2 O OBJETO DE ESTUDO

2.1 A COLETA SELETIVA

2.1.1 Panorama da Coleta Seletiva no Brasil

A primeira experiência brasileira de coleta seletiva induzida (infelizmente não registrada) ocorreu em São Paulo, na década de 1960. Em 1978, tentativa semelhante aconteceu em Porto Alegre (RS) e em 1985, nos municípios de Niterói (RJ) e Pindamonhangaba (SP) (BRASIL, 1985). Para Demajorovic (1996), houve grandes mudanças na coleta seletiva nas últimas décadas: inicialmente, a prioridade era a disposição final dos resíduos gerados na cadeia produtiva, o que foi sendo alterado a partir de 1975, quando os países da Organização para Cooperação e Desenvolvimento Econômico (OCDE) começaram a propor a redução na quantidade, a incineração e o aterramento. Os resultados surgiram nos anos 1980, quando o mercado de reciclagem cresceu bastante, gerando empregos e retornos econômicos e financeiros. Ultimamente, o foco é o incentivo à reutilização, ao uso de tecnologias limpas e o desestímulo à geração de resíduos, com o planejamento feito desde o início da cadeia produtiva (DEMAJOROVIC, 1996).

Desde os anos 1990, com o aumento do consumo das famílias, a questão dos resíduos sólidos tem ganhado notoriedade no Brasil: o Ministério do Meio Ambiente (MMA) mostrou que o lixo já era visto como um problema ambiental por 28% dos brasileiros em 2012, número que era de apenas 4% em 1992; para 47% dos entrevistados, o lixo representa o principal problema ambiental urbano (BRASIL, 2012). Em virtude disso, diversos grupos começaram a observar a coleta seletiva com maior atenção: as autoridades perceberam-na como parte integrante da sustentabilidade urbana; o mercado interessou-se pelas possibilidades de negócios e; um grande contingente populacional integrou o setor de reciclagem, estimulado pela oportunidade de trabalho e renda.
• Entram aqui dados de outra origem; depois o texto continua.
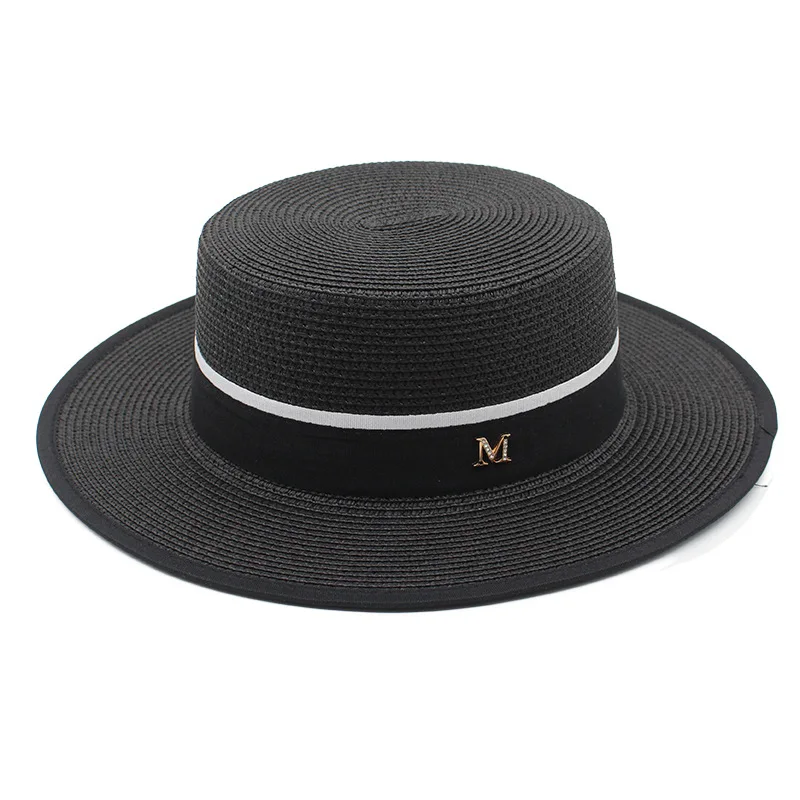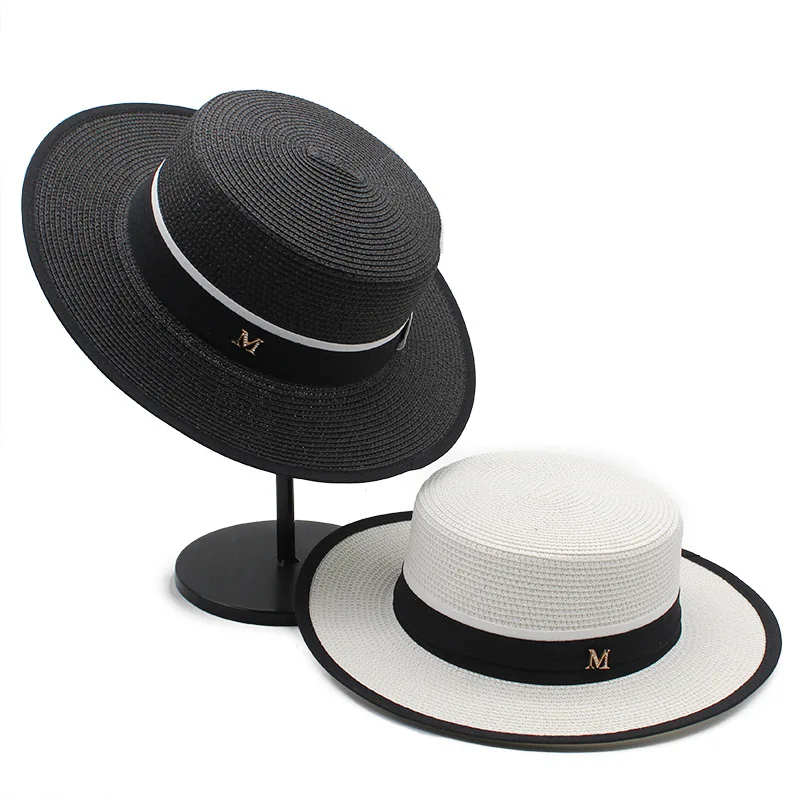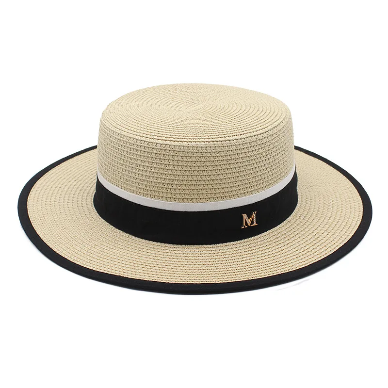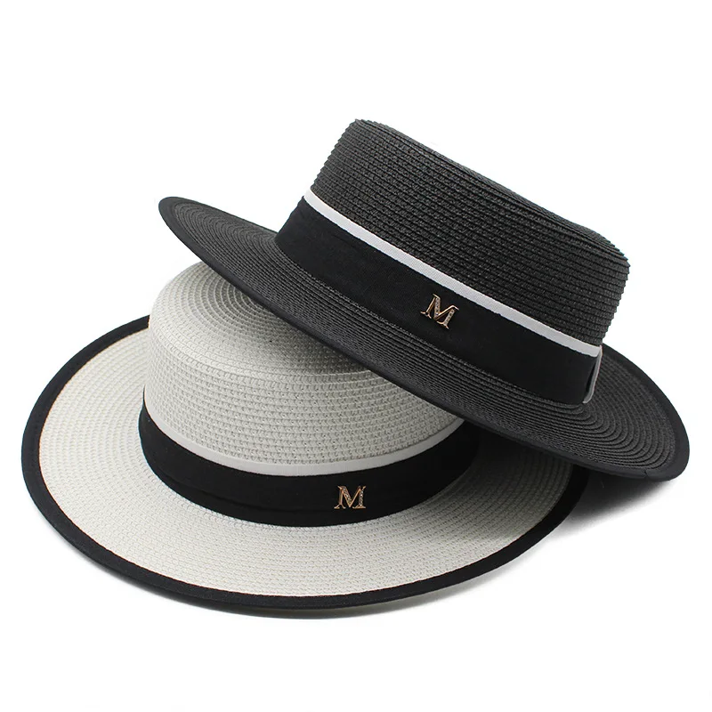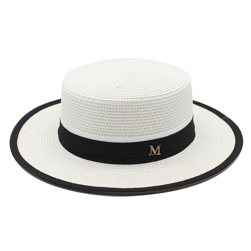 Nuovo cappello di paglia estivo Womrn moda femminile M lettera in metallo tesa piatta protezione solare cappelli da sole da spiaggia da viaggio all’apertoPensa ad un Regalo Unico e Utile per le Persone a te Vicine!! Regala un buono a partire da € 10,00 a € 300,00

Em 2010 foi aprovado um dos principais documentos brasileiros sobre a gestão integrada do lixo, a Política Nacional de Resíduos Sólidos (PNRS) (BRASIL, 2010a). Além de reconhecer o resíduo sólido como um bem econômico e de valor social, a lei prevê o incentivo à indústria de reciclagem e aos programas de coleta seletiva, reforçando a articulação entre as diferentes esferas do poder público. A lei é clara ao priorizar o acesso a recursos da União aos Estados e Municípios que

organizarem a gestão integrada de resíduos (BRASIL, 2010a, art. 16). Já no Plano Nacional de Resíduos Sólidos, são listadas inúmeras metas e diretrizes para a implantação da PNRS, dentre as quais destaca-se a elaboração de planos estaduais e municipais de gestão de resíduos sólidos (BRASIL, 2011), tarefa inicial e condição imprescindível para que os entes possam receber apoio federal destinado à limpeza pública. O prazo para a entrega dos Planos de Gestão Integrada de Resíduos Sólidos era agosto de 2012; contudo, em 2013, apenas 33% dos municípios os possuíam (IBGE, 2014); quanto às unidades da federação, em 2015, 22% haviam finalizado o Plano Estadual de Resíduos Sólidos, 63% estavam em elaboração e o restante nem o havia iniciado (CNM, 2015a).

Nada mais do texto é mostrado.